In-store self-ordering will be reinvented to a no-touch solution: Consumers have been trained to order using digital pads in restaurants. Operators have cut back on cashiers as a result. We are quickly moving to a no-touch world and digital ordering solutions need to evolve to allow this.

Improved take-out/delivery packaging: The slow crawl to better take-out and delivery packaging is about to change. In our new post-COVID-19 world, packaging will need to be tamper-evident and maintain the food’s temperature, moisture and presentation.

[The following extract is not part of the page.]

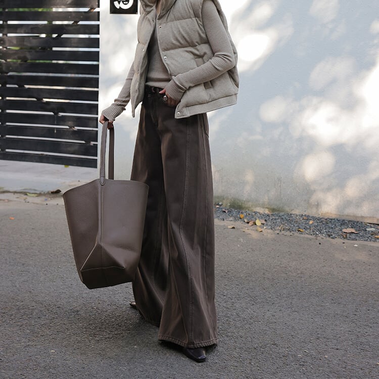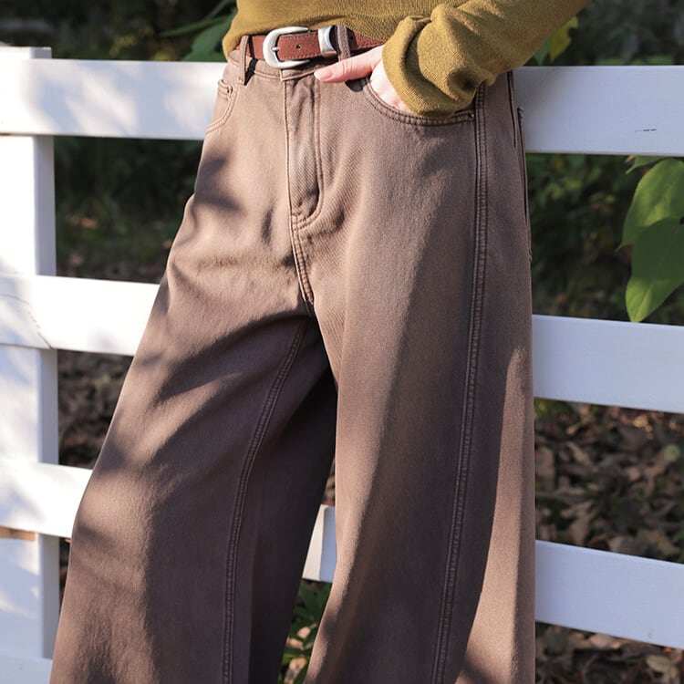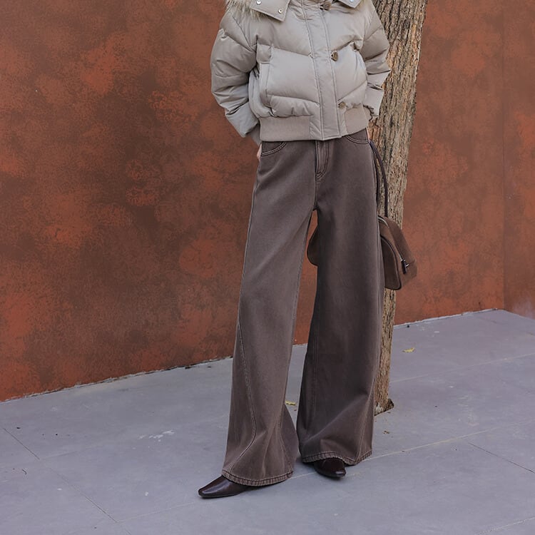 ワイドストレートのデザインが、リラックス感のあるシルエットを演出します。

Expanded take-out/delivery for fine-dining/chef-driven brands: Chef-driven food is what many consumers want, but many of these restaurants have traditionally done little take-out or delivery.

Operators

Foodservice operators now have the tall task of adjusting to the behavioral changes that COVID-19 has brought upon the consumer. Some of these adjustments will become more permanent and will force the operator to adapt. In addition, while consumers are struggling to adjust, Foodservice operators will need a seismic shift in their operations, as well in their overall business. We believe there are 13 areas of operational shifts that will occur as operators adjust to the new post-crisis environment.

Manufacturers 

As consumers and operators shift their buying habits and operational structures, manufacturers must accelerate their focus on supply chain transparency and contingency planning. Operators will be looking for partners who can work collaboratively in a solutions-based relationship. Operators will not have the time or patience to withstand a traditional sales approach by a supplier. Clear expectations will be set, and suppliers will be able to build better strategic partnerships if they are able to meet or exceed these expectations. Manufacturers and operators must now work more closely together to ensure everyone is safe and protected. 

In times of rapid and drastic change, those who are quick to adjust will lead the way for the industry to follow.